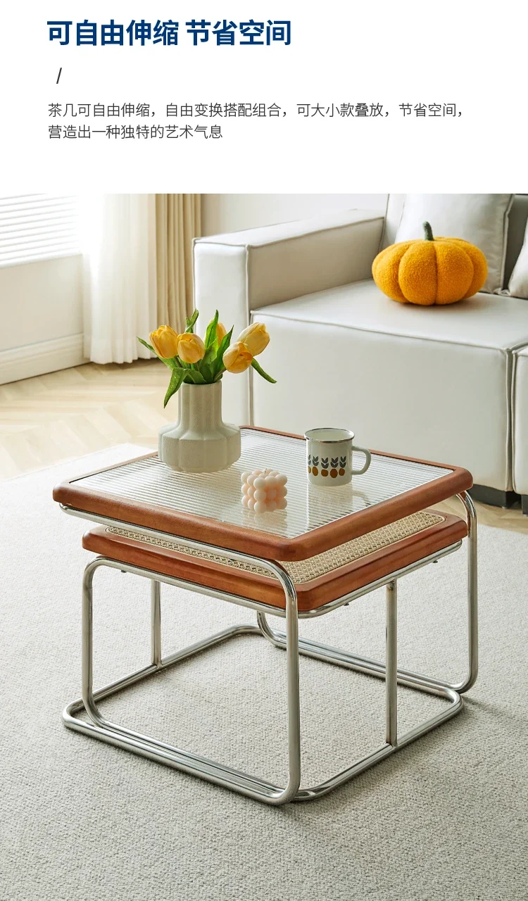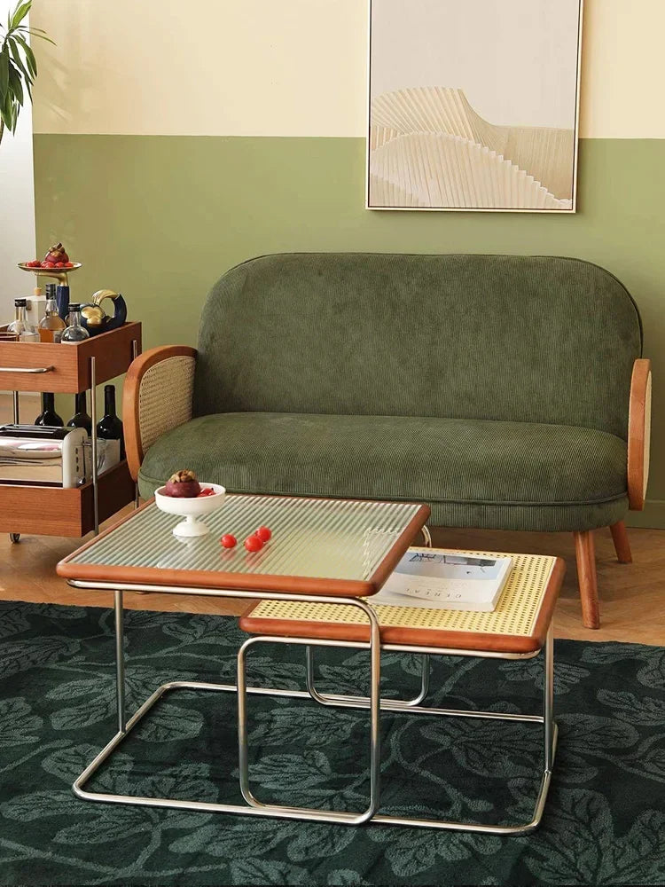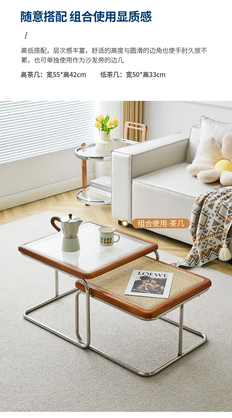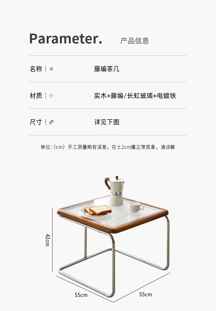 Retro Medieval Style Rattan Coffee Table Glass Side Table Living Room Corner Coffee Tables Combination Table Simple Design
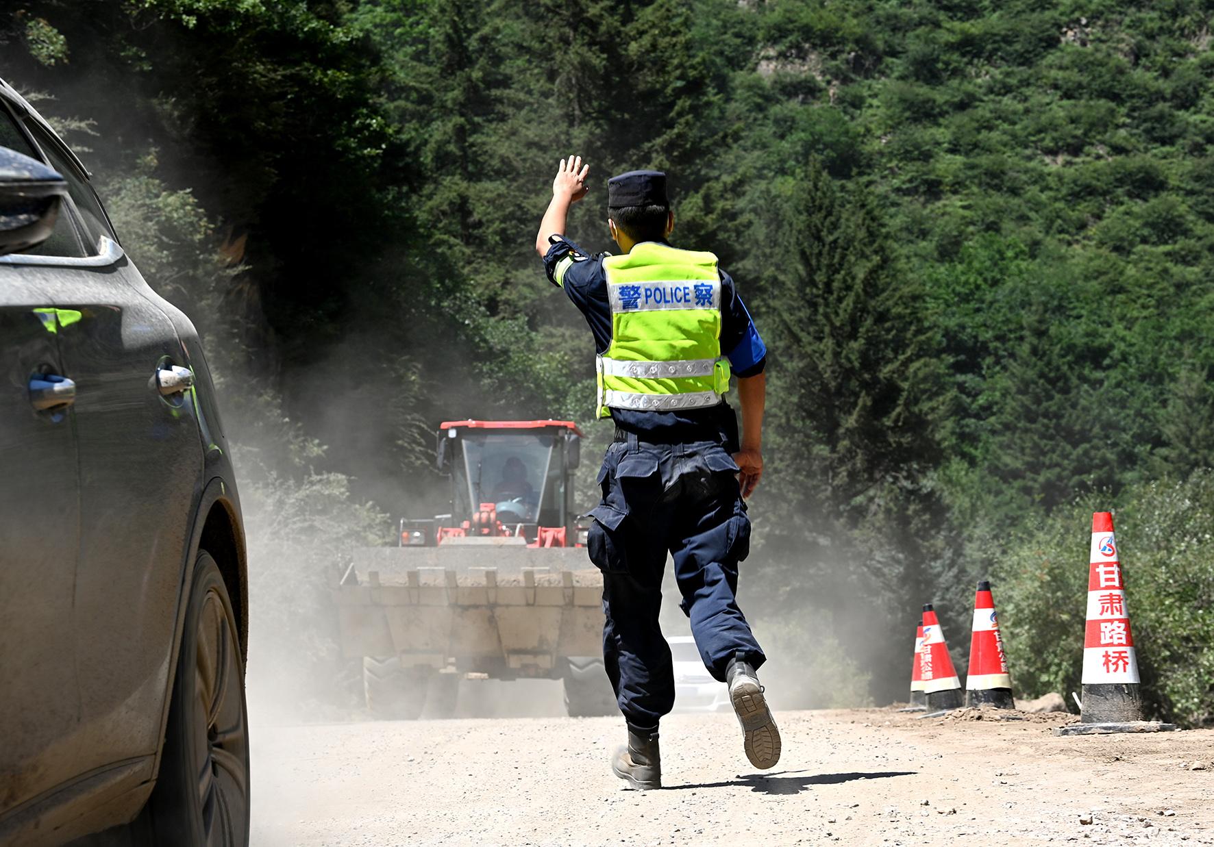 为全力保障灾区省道104线和兴黄公路安全畅通,甘肃省兰州市公安局组织警力强化源头管控,常态化开展路面隐患排查、分流引导工作,全时段、全路段开展通道保畅任务。
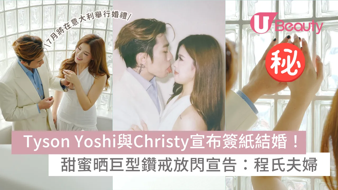 恭喜Tyson Yoshi!現年30歲的唱作歌手Tyson Yoshi(程浚彥)絕對是近年事業愛情兩得意的代表!與圈外女友Christy穩定交往7年,去年在加拿大驚喜求婚成功,讓大批粉絲一同見證這份甜蜜。正當大家期待二人將於今年7月在意大利舉行的童話式婚禮時,Tyson今日(19日)無預警在IG投下「閃光彈」,宣佈已經與Christy正式簽紙註冊,成為「程太太」!在公開的甜蜜合照中,除了兩人滿瀉的幸福感,Christy手上那枚閃爆的巨型鑽戒更是瞬間成為全城焦點,實在太令人羨慕了!
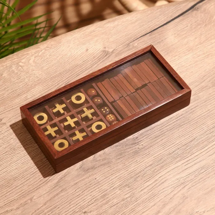 Игра настольная 3 в 1, домино, крестики-нолики, кубики, 23×10.5×3.5 см, дерево шишам
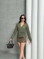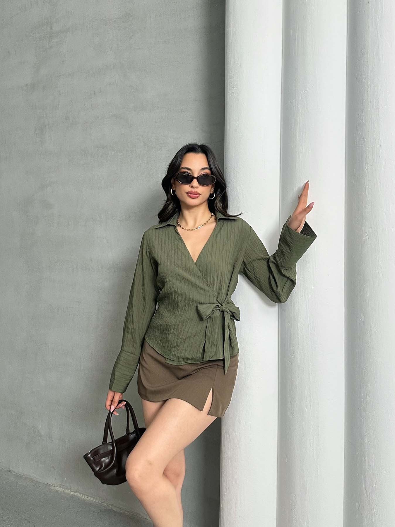 Lacivert Yan Bağlamalı Tensel Gömlek
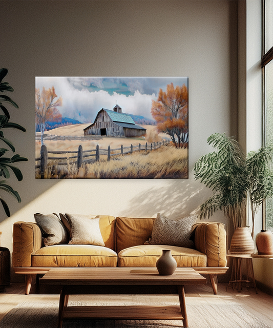 Bring the warmth of autumn countryside into your home with this rustic barn canvas wall art, featuring golden fields, colorful trees, and serene mountain views. Transform your walls with the timeless charm of rural life. This Rustic Countryside Barn Canvas...
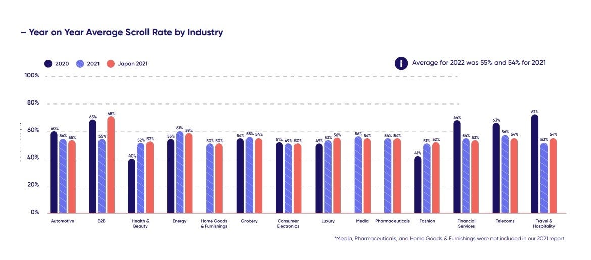 業種別の平均スクロール率は55%で、多くのお客様がWebページの途中までしか見ていないことがわかります。さらに、ウェブブラウジング活動においては、日本の顧客の半数が、ウェブサイトやモバイルサイトを1ページ見ただけで離脱していることがわかりました。
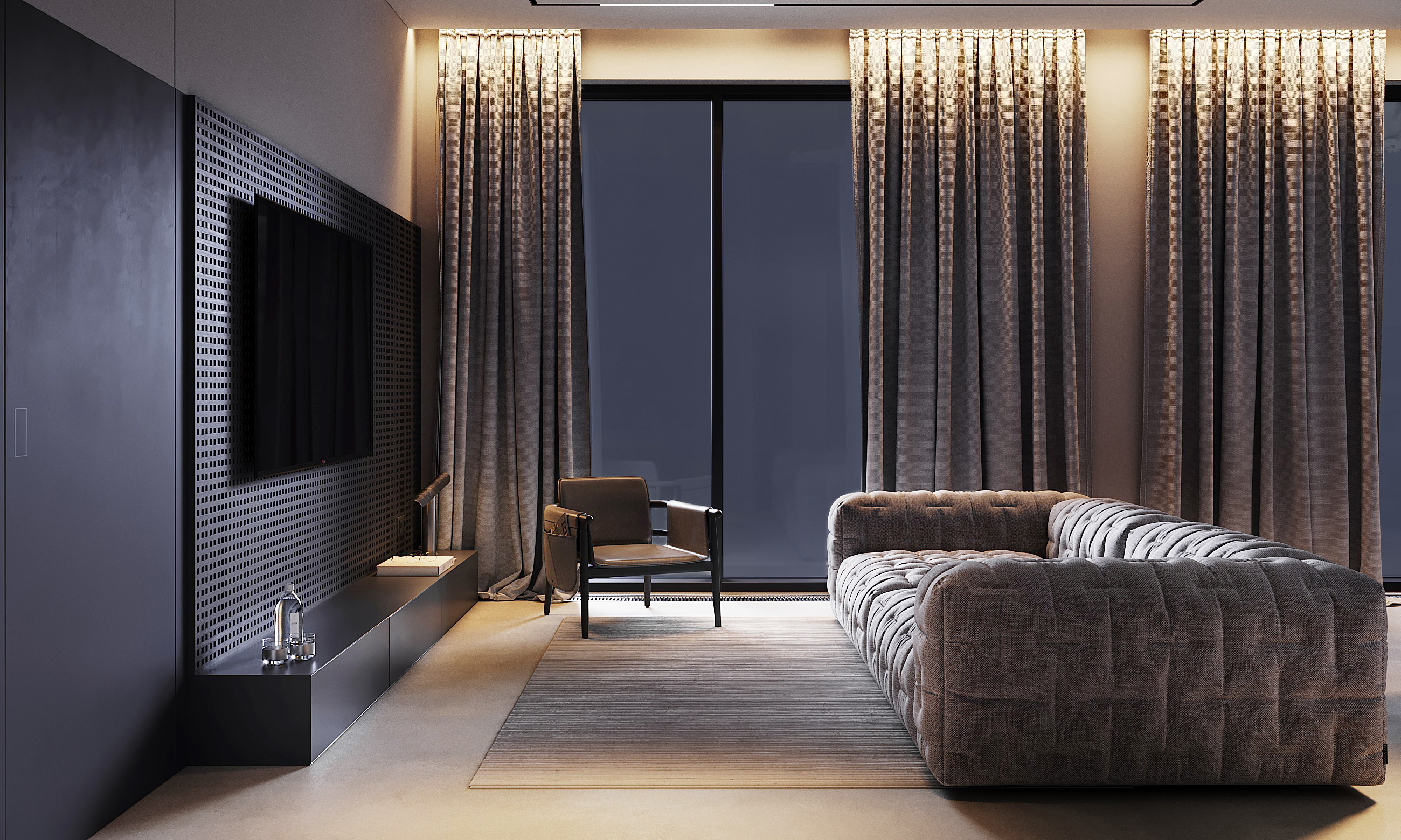 Дизайн: TS Studio design Визуализация: Анастасия Оверина Проект квартиры в ЖК Рихард, Москва Диван BOCA FOO-FIVE Кровать BOCA AIRBLADE
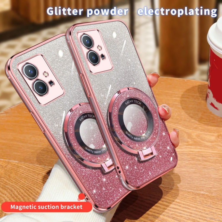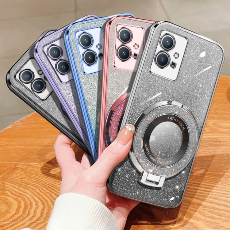 Para Vivo Y33S 5G / Y75 Estuche para Teléfono de TPU con Soporte Redondo y Brillo Degradado Plateado (Plateado)
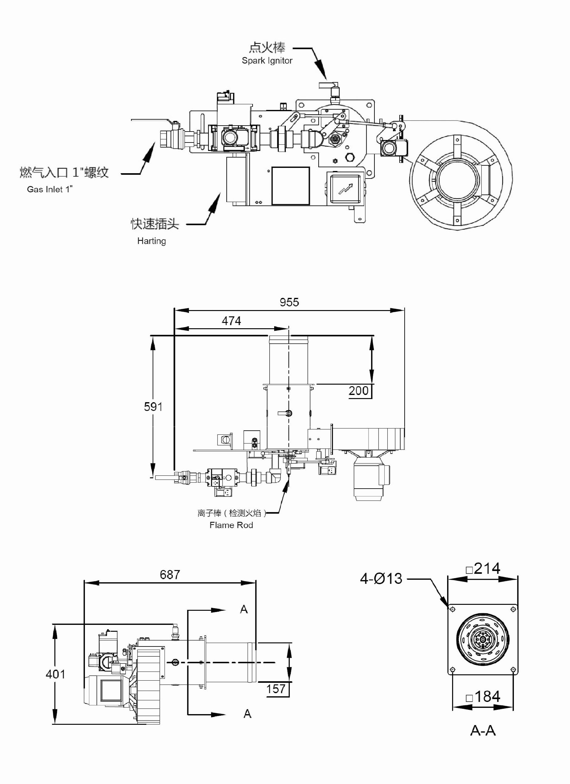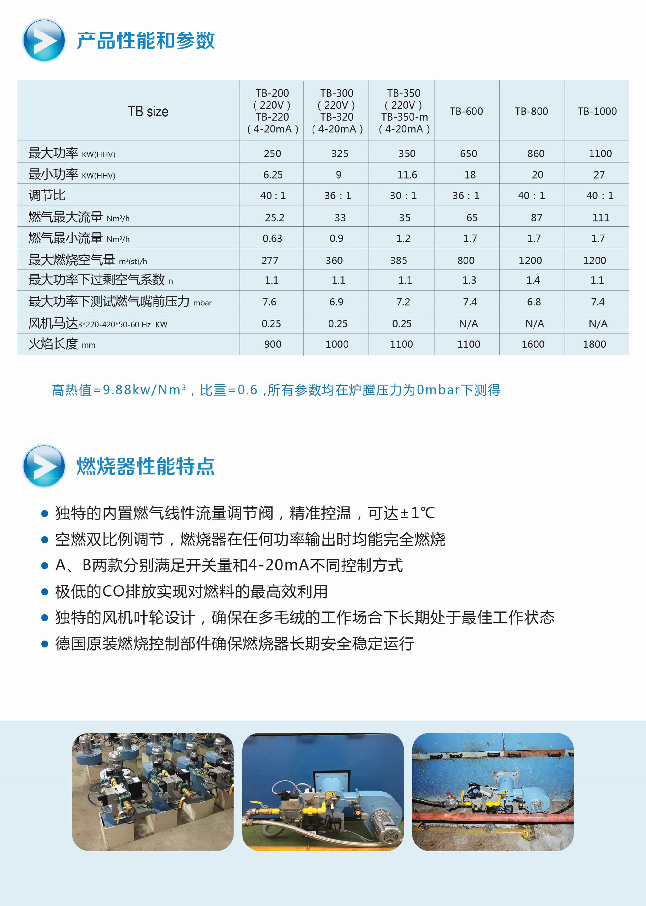 高调节比,调节比为40:1控制方式开关量或模拟量可选功率:250KW-350KW(按高发热量计算)稳定及洁净燃烧火焰检测可选UV或离子棒燃料可选天然气或液化石油气较低的燃气供气压力便捷的安装及维护全金属结构风机电机的电压及频率多款可供选择TB-200具有CE认证(拉幅定型机专用燃烧器)
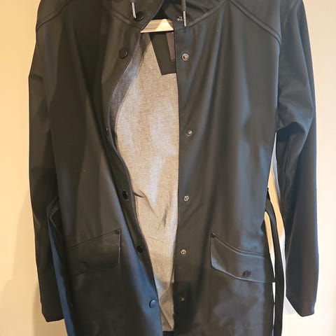 Knapt brukt regnjakke str S, fra cubus. Romslig i str. Myk og god. Veldig fin på. 250kr
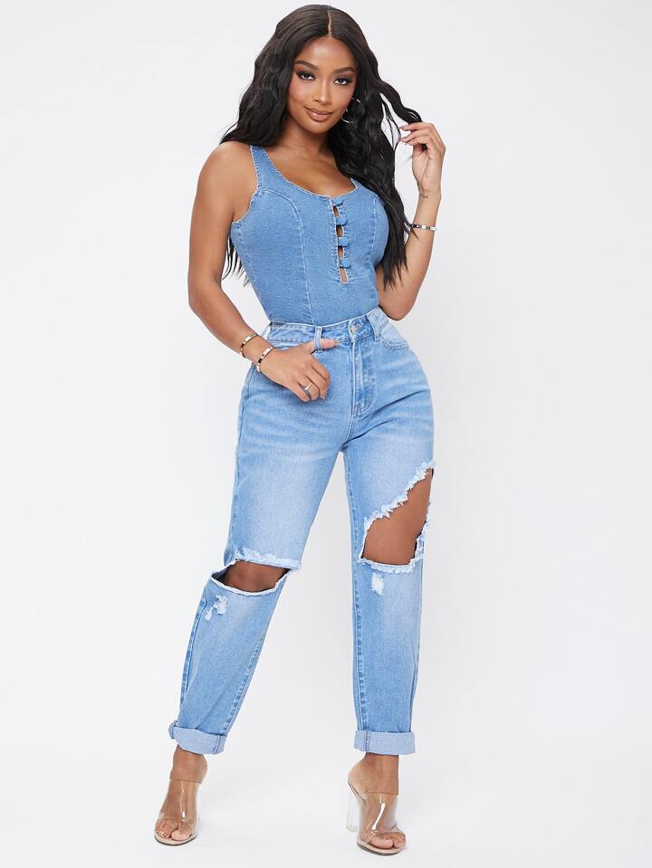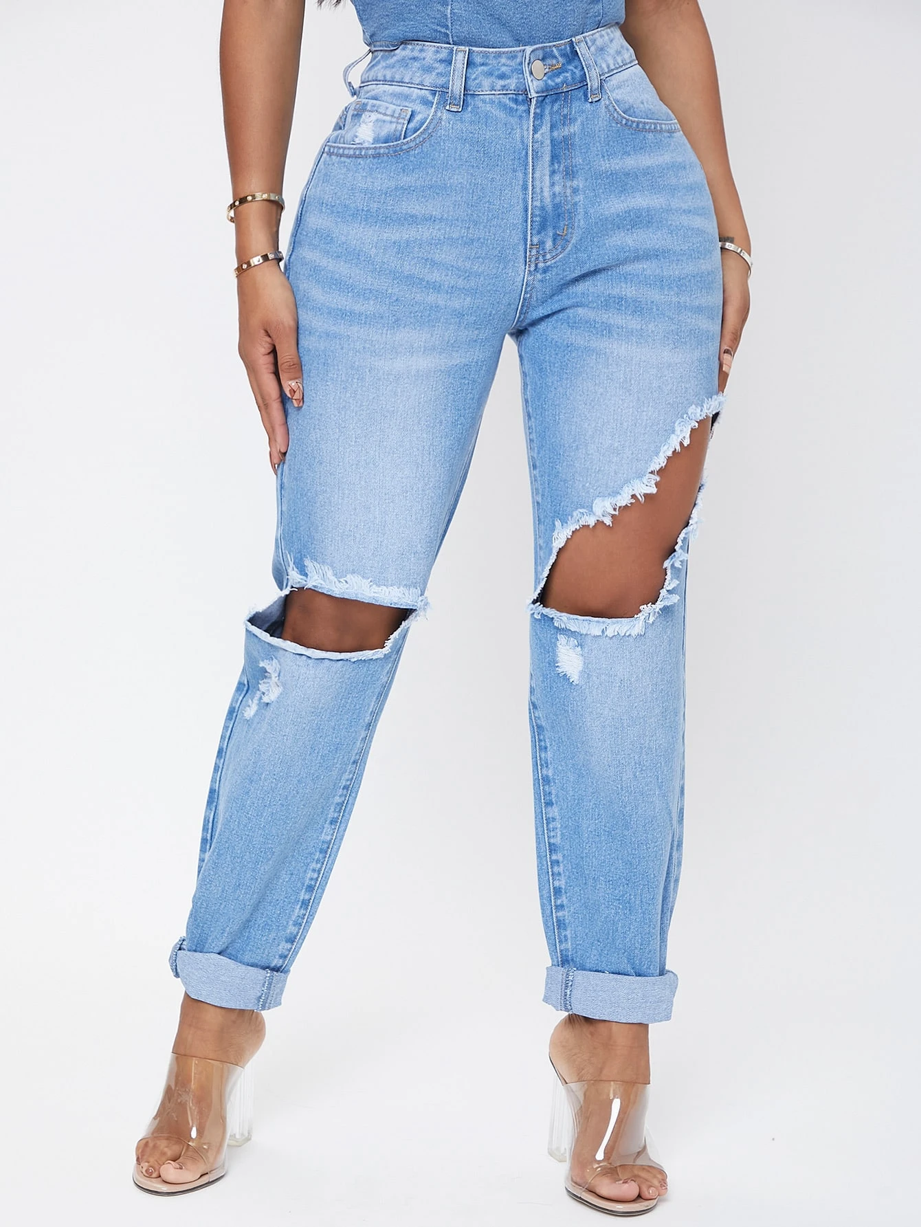 Jeans de talle alto con abertura
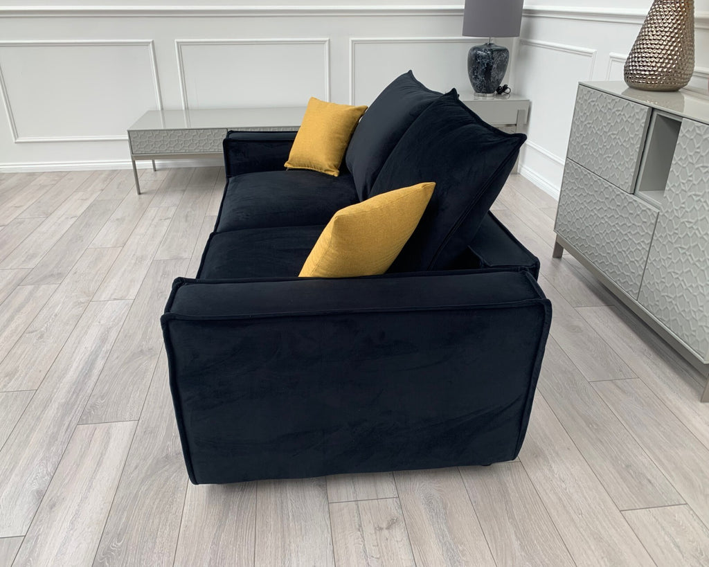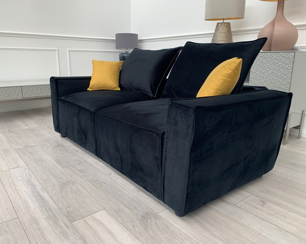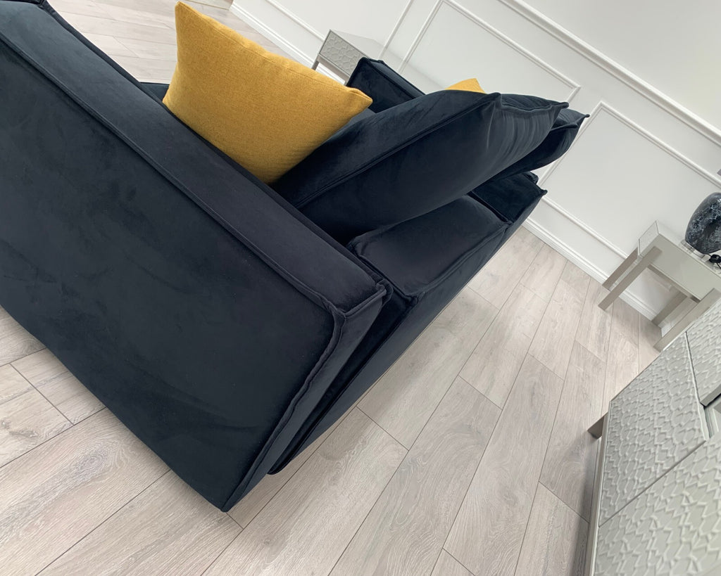 The Santorini Range elegantly designed with luxuriously soft velvet. Made with a large seating cushion to maximise on comfort. The perfect combination when searching for new sofas. Make a statement in your home with this angelic range.

§ TASK REQUIREMENTS
Your task is to copy word for word the lines from the line containing "Jeans de talle alto con abertura" to the end of the listing, both included, and to drop any pictures.

§ ANSWER SECTION
 Jeans de talle alto con abertura
 The Santorini Range elegantly designed with luxuriously soft velvet. Made with a large seating cushion to maximise on comfort. The perfect combination when searching for new sofas. Make a statement in your home with this angelic range.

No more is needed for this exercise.